Please don’t listen to the voices. I know what it’s like to give in to the disease and leave school. I left my doctoral program because of my sza. I think I would be finished with the program by now and would be Dr. Happy_H. Now all I can say is, “I have credits towards my doctorate.” It’s worth nothing. I really regret not staying strong and completing it. It’s not something I can easily get back into either. Don’t give up!
Thank you for the responses. It’s hard because the voices pressure me all day long. And when I’m doing badly in my class they laugh at me. They say “dear lord have mercy! It’s so funny!”
I’m feeling like I have to quit because the voices say they will bury me alive if I don’t quit. I’m really afraid of them.
Sometimes I hear people I know, but mostly it’s demons.

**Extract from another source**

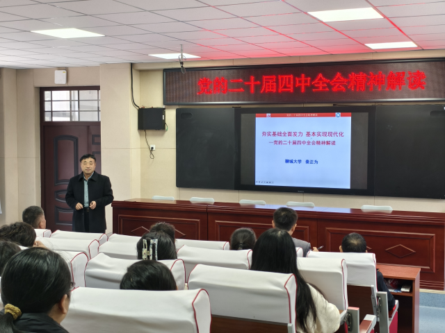 宣讲报告中,秦正为教授以《夯实基础全面发力,基本实现现代化——党的二十届四中全会精神解读》为题,紧紧围绕习近平总书记重要讲话精神和全会部署要求,系统阐释了全会的重大意义、精神实质和丰富内涵。他提到,党的二十届四中全会的召开恰逢“十四五”规划圆满收官、“十五五”规划即将开启的关键节点,会议取得的重大成果、作出的重大部署,对今后一个时期党和国家事业发展具有里程碑意义。秦教授的讲解逻辑清晰、史料翔实、论述精辟,既有理论高度,又有思想深度,整场报告会气氛热烈,学习氛围浓厚。

All day long the voices are telling me to quit. Both good and bad voices tell me to quit. They say “anything’s better than going to hell! So quit!” They keep saying I’m going to hell if I don’t quit.
Over and over they tell me to quit. All day long.
It’s really frustrating and annoying. I don’t want to quit!
I quit my studies 3 years ago and i still think that’s the childish and stupidest thing i have done in my life. Let the voices not overtake your life. You are strong.
No matter how many people give me good advice, I can never listen. It’s because I was given signs from God. They wrote me messages around my house. They even wrote “You go… down” with down replaced by a down arrow on my fridge.
They wrote me messages on my wall where I measured my height as a kid. At the top they wrote “This is the height you died at.”
They wrote me messages about my worst sins in my room on a piece of paper.
Yea lots of professor rather encourage you instead of putting you down, which is what the psychologist at your school will usually do if you go to them.